Le choléra s'ajoute aux armes
Dans l'ouest du Kordofan, une autre menace fait désormais des morts : la maladie.
Le 6 septembre, la Dar Hamar Emergency Room — un collectif communautaire local — recensait au moins 23 décès et plus de 310 cas suspects ou confirmés de choléra dans deux localités du Kordofan occidental.
À Humeir, un centre d'isolement aurait accueilli 120 cas suspects, pour 11 décès.
À Hilla Hussein, plus de 190 cas et 12 décès ont été recensés.
Les équipes sur place signalent une pénurie de médicaments et de solutions intraveineuses, aggravée par des difficultés de transport qui compliquent l'évacuation des malades. L'organisation va jusqu'à affirmer que certaines familles en sont réduites à nourrir leurs enfants avec des aliments destinés au bétail. (aa.com.tr)
Ces données, fournies par une structure locale, doivent être reçues avec la prudence qui s'impose. Elles n'en dessinent pas moins un engrenage désormais familier dans cette guerre : les combats détruisent les infrastructures, la destruction prive les populations d'eau et de soins, puis la maladie et la faim prennent le relais des armes.
Plus de 14 millions de déplacés
L'ampleur de la catastrophe donne le vertige.
Selon l'International Rescue Committee, plus de 14 millions de personnes ont été déplacées depuis le début de la guerre, dont plus de 4,5 millions ayant trouvé refuge dans les pays voisins — en grande majorité des femmes et des enfants. (International Rescue Committee)
Cela signifie que la guerre soudanaise n'est plus seulement une crise intérieure.
Elle affecte directement le Tchad, le Soudan du Sud, l'Égypte et d'autres pays de la région.

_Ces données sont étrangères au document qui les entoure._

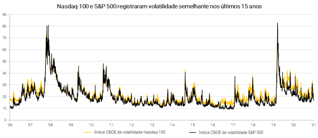 E mesmo com a grande exposição que o Nasdaq-100® possui em Tecnologia e maiores retornos no índice em relação ao S&P 500, a volatilidade histórica de ambos os índices foi muito semelhante durante o mesmo período.

Derrière chaque statistique, ce sont des familles séparées, des villages désertés, des enfants privés d'école, des terres agricoles laissées à l'abandon et des communautés entières arrachées à leur territoire.
Le Soudan perd ainsi, d'un même mouvement, des vies, des infrastructures et une part de son avenir économique.
La faim comme deuxième champ de bataille
Les perspectives alimentaires restent également extrêmement préoccupantes.
FEWS NET table sur un maintien, voire une extension, des niveaux d'urgence alimentaire (IPC phase 4) dans les zones les plus touchées, au premier rang desquelles le Darfour et le Kordofan. (Fews.net)
La guerre empêche les paysans de semer. Elle coupe les routes. Elle désorganise les marchés. Elle détruit les infrastructures. Elle fait grimper le prix du carburant. Elle transforme l'acheminement de l'aide humanitaire en pari risqué.
Résultat : une économie de guerre où produire, transporter, et même simplement se nourrir, sont devenus des actes à haut risque.
Pendant que la communauté internationale débat d'un cessez-le-feu, le temps humanitaire, lui, continue d'avancer bien plus vite que le temps diplomatique.
Une guerre de drones alimentée de l'extérieur
Un élément récent change également la nature du conflit : la montée en puissance des drones.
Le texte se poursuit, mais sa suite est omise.